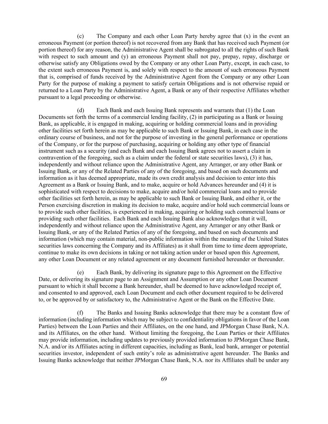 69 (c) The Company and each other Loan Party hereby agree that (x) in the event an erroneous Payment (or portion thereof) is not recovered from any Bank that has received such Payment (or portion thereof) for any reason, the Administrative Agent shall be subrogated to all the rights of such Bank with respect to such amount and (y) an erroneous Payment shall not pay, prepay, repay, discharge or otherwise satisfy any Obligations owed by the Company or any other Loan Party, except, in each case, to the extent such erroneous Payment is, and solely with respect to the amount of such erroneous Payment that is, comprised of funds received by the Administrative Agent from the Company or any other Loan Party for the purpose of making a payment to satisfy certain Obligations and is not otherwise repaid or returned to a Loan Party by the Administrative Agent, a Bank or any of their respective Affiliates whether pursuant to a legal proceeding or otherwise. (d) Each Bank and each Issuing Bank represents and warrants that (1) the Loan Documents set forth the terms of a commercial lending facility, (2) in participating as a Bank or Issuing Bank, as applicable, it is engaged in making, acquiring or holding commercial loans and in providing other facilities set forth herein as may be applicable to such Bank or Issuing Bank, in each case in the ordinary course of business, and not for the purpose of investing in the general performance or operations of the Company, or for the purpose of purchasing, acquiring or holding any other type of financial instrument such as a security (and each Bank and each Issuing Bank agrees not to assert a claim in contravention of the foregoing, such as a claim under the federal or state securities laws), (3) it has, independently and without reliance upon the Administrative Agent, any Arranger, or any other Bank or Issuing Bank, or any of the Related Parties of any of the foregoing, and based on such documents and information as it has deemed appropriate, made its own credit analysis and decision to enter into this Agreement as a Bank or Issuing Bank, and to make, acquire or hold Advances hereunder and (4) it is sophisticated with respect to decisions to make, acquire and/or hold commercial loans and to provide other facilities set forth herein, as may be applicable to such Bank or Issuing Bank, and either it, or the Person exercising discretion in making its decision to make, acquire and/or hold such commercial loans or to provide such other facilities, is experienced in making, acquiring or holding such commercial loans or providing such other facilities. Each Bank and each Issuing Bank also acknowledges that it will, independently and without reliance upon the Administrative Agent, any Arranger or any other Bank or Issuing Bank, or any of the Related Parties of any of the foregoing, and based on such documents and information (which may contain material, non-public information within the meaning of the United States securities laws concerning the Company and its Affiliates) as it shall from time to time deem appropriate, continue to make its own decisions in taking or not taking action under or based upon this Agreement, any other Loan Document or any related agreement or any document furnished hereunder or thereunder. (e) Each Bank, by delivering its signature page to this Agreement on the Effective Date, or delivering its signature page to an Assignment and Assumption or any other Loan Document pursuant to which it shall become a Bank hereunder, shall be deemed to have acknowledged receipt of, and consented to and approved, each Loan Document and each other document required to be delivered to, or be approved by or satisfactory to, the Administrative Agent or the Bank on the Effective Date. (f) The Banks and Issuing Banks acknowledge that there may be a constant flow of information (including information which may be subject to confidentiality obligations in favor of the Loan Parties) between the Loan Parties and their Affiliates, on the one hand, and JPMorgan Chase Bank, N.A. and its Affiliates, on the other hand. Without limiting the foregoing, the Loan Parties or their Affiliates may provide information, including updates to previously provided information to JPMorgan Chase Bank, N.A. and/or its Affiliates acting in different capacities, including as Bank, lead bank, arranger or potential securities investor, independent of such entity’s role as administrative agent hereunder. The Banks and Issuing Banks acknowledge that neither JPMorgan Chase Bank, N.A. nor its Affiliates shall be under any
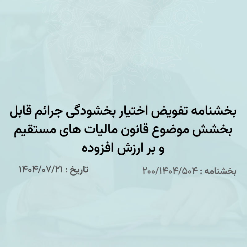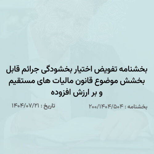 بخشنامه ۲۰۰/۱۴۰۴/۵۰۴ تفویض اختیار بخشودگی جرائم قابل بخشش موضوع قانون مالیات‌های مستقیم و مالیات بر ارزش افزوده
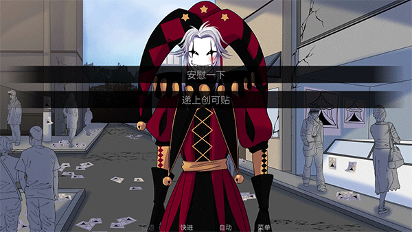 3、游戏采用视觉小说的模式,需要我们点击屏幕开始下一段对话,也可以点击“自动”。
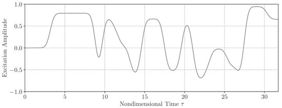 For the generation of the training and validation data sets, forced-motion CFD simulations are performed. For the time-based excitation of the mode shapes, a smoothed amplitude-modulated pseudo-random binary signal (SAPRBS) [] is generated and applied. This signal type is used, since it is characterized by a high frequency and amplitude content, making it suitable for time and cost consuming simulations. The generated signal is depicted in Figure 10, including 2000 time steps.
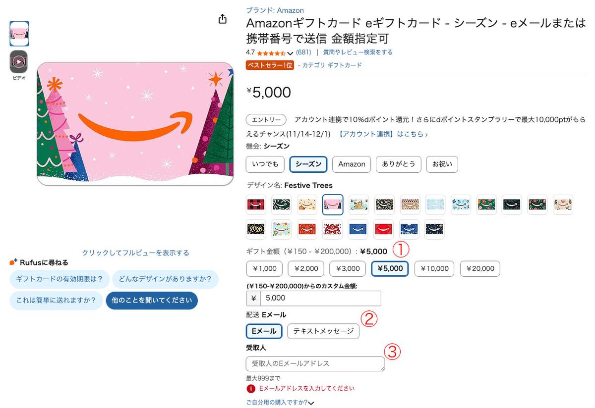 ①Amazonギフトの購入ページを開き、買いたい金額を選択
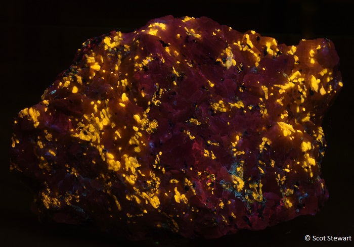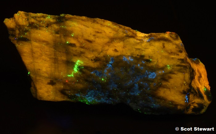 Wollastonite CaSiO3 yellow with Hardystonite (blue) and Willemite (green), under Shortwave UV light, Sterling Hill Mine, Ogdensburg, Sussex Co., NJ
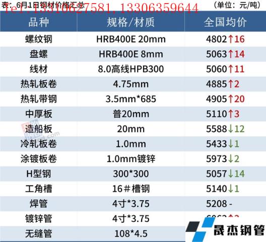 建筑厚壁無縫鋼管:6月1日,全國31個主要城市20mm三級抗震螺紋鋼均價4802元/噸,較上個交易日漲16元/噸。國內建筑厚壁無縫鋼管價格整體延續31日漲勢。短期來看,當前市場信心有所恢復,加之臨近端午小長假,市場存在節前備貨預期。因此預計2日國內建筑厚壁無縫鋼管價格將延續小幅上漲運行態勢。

**Work required**
I would like the data copied exactly as it stands, with no pictures included.

**Solved problem**
 69 (c) The Company and each other Loan Party hereby agree that (x) in the event an erroneous Payment (or portion thereof) is not recovered from any Bank that has received such Payment (or portion thereof) for any reason, the Administrative Agent shall be subrogated to all the rights of such Bank with respect to such amount and (y) an erroneous Payment shall not pay, prepay, repay, discharge or otherwise satisfy any Obligations owed by the Company or any other Loan Party, except, in each case, to the extent such erroneous Payment is, and solely with respect to the amount of such erroneous Payment that is, comprised of funds received by the Administrative Agent from the Company or any other Loan Party for the purpose of making a payment to satisfy certain Obligations and is not otherwise repaid or returned to a Loan Party by the Administrative Agent, a Bank or any of their respective Affiliates whether pursuant to a legal proceeding or otherwise. (d) Each Bank and each Issuing Bank represents and warrants that (1) the Loan Documents set forth the terms of a commercial lending facility, (2) in participating as a Bank or Issuing Bank, as applicable, it is engaged in making, acquiring or holding commercial loans and in providing other facilities set forth herein as may be applicable to such Bank or Issuing Bank, in each case in the ordinary course of business, and not for the purpose of investing in the general performance or operations of the Company, or for the purpose of purchasing, acquiring or holding any other type of financial instrument such as a security (and each Bank and each Issuing Bank agrees not to assert a claim in contravention of the foregoing, such as a claim under the federal or state securities laws), (3) it has, independently and without reliance upon the Administrative Agent, any Arranger, or any other Bank or Issuing Bank, or any of the Related Parties of any of the foregoing, and based on such documents and information as it has deemed appropriate, made its own credit analysis and decision to enter into this Agreement as a Bank or Issuing Bank, and to make, acquire or hold Advances hereunder and (4) it is sophisticated with respect to decisions to make, acquire and/or hold commercial loans and to provide other facilities set forth herein, as may be applicable to such Bank or Issuing Bank, and either it, or the Person exercising discretion in making its decision to make, acquire and/or hold such commercial loans or to provide such other facilities, is experienced in making, acquiring or holding such commercial loans or providing such other facilities. Each Bank and each Issuing Bank also acknowledges that it will, independently and without reliance upon the Administrative Agent, any Arranger or any other Bank or Issuing Bank, or any of the Related Parties of any of the foregoing, and based on such documents and information (which may contain material, non-public information within the meaning of the United States securities laws concerning the Company and its Affiliates) as it shall from time to time deem appropriate, continue to make its own decisions in taking or not taking action under or based upon this Agreement, any other Loan Document or any related agreement or any document furnished hereunder or thereunder. (e) Each Bank, by delivering its signature page to this Agreement on the Effective Date, or delivering its signature page to an Assignment and Assumption or any other Loan Document pursuant to which it shall become a Bank hereunder, shall be deemed to have acknowledged receipt of, and consented to and approved, each Loan Document and each other document required to be delivered to, or be approved by or satisfactory to, the Administrative Agent or the Bank on the Effective Date. (f) The Banks and Issuing Banks acknowledge that there may be a constant flow of information (including information which may be subject to confidentiality obligations in favor of the Loan Parties) between the Loan Parties and their Affiliates, on the one hand, and JPMorgan Chase Bank, N.A. and its Affiliates, on the other hand. Without limiting the foregoing, the Loan Parties or their Affiliates may provide information, including updates to previously provided information to JPMorgan Chase Bank, N.A. and/or its Affiliates acting in different capacities, including as Bank, lead bank, arranger or potential securities investor, independent of such entity’s role as administrative agent hereunder. The Banks and Issuing Banks acknowledge that neither JPMorgan Chase Bank, N.A. nor its Affiliates shall be under any
 بخشنامه ۲۰۰/۱۴۰۴/۵۰۴ تفویض اختیار بخشودگی جرائم قابل بخشش موضوع قانون مالیات‌های مستقیم و مالیات بر ارزش افزوده
 3、游戏采用视觉小说的模式,需要我们点击屏幕开始下一段对话,也可以点击“自动”。
 For the generation of the training and validation data sets, forced-motion CFD simulations are performed. For the time-based excitation of the mode shapes, a smoothed amplitude-modulated pseudo-random binary signal (SAPRBS) [] is generated and applied. This signal type is used, since it is characterized by a high frequency and amplitude content, making it suitable for time and cost consuming simulations. The generated signal is depicted in Figure 10, including 2000 time steps.
 ①Amazonギフトの購入ページを開き、買いたい金額を選択
 Wollastonite CaSiO3 yellow with Hardystonite (blue) and Willemite (green), under Shortwave UV light, Sterling Hill Mine, Ogdensburg, Sussex Co., NJ
 建筑厚壁無縫鋼管:6月1日,全國31個主要城市20mm三級抗震螺紋鋼均價4802元/噸,較上個交易日漲16元/噸。國內建筑厚壁無縫鋼管價格整體延續31日漲勢。短期來看,當前市場信心有所恢復,加之臨近端午小長假,市場存在節前備貨預期。因此預計2日國內建筑厚壁無縫鋼管價格將延續小幅上漲運行態勢。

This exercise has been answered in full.